We have a fairly basic and straightforward Prometheus and Grafana setup, but over time we've drifted into using a number of Prometheus exporters, which is the Prometheus term for things that provide or generate metrics. Today I feel like listing them off as a snapshot of our current practices and what we've found useful in our particular and somewhat peculiar environment.

  • node_exporter is the standard Prometheus host agent. We run the latest binary release on our Linux machines and the packaged OpenBSD version on our OpenBSD machines.

    We have a whole collection of scripts that collect various host specific metrics and push them out through the node exporter's 'textfile' collector; an inventory of these doesn't fit within the margins of this entry.

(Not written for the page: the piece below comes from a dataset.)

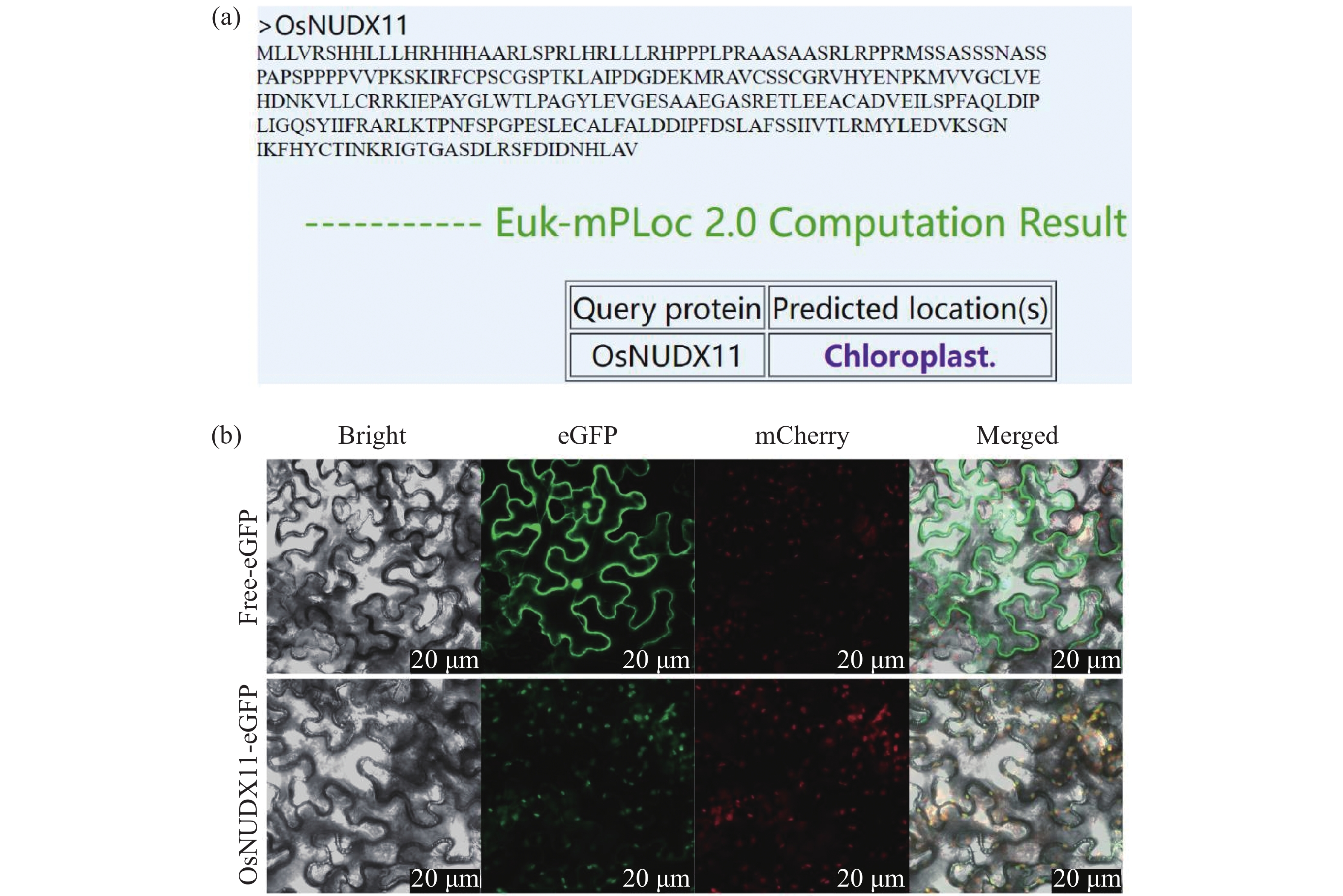 香稻因其品质优良、香味浓郁、清醇可口,长期颇受人们喜爱。香叶醇是一种散发玫瑰香味的高价值单萜化合物,具有广泛的医药生理活性和应用。然而,香稻中香叶醇含量较低,且香叶醇合成酶功能未被解析。为筛选和鉴定水稻香叶醇合成酶的候选基因,本研究以已报道的香叶醇合成酶萜烯合酶(TPS)家族和核苷二磷酸酶X(NUDIX)水解酶家族基因为靶标,对水稻进行同源序列比对分析和系统进化树分析,结合组织特异性表达谱,筛选到一个在水稻根和穗中高表达的NUDIX家族成员OsNUDX11,该基因与玫瑰和天竺葵中的香叶醇合成酶亲缘关系较为紧密。通过进一步的蛋白理化性质分析和烟草瞬时表达实验,证实了OsNUDX11与玫瑰和天竺葵中的香叶醇合成酶亚细胞定位一致。故推测OsNUDX11参与了香叶醇合成,为在水稻中大量合成香叶醇提供重要依据。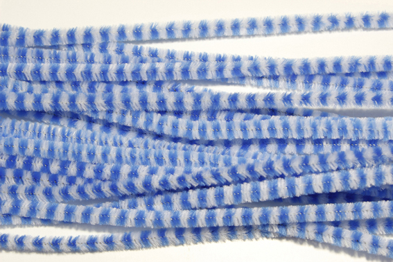 Modelovací chlupatý proužkovaný drátek průměru 6 mm o celkové délce 30 cm. Vhodný pro aranžovací a další výtvarné techniky. Lze jej ohýbat, stříhat či splétat. Nevhodné pro děti do 3 let, nebezpečí udušení. Modrá - bílá. Cena za jedno balení obsahující 20 ks.

  • The Blackbox exporter is the standard solution for probing machines and services from the outside, and for collecting TLS certificate information. We use it for a variety of these checks across ICMP ping, port connections, HTTP checks, and DNS lookups.

  • Pushgateway is what we use to publish assorted bits of information, some of it for historical reasons.

  • apache_exporter is how we scrape basic statistics from our collection of Apache web servers. We run it on our central metrics server rather than having it running on each Apache web server for obscure reasons.

  • script_exporter is how we use arbitrary scripts to generate metrics. We use these scripts to perform more intricate service checks than Blackbox supports (letting us check IMAP, Authenticated SMTP, Samba servers, and more) and to pull more complicated information. I prefer the script exporter to the other options for this.

  • We run a locally hacked version of nvidia_exporter on our NVIDIA™ GPU SLURM nodes. It's somewhat handy for providing usage metrics to tell us how actively the GPUs are being used, how much of their memory gets allocated, and so on.

    (We have one machine with AMD GPUs, for which we use a hacked up version of code I dug out of the depths of Wikipedia's metrics systems; this code is a node exporter textfiles thing, not a separate exporter.)

  • A few machines run Google's mtail to extract structured information from various logs. These days it's only used for Exim logs for mail metrics.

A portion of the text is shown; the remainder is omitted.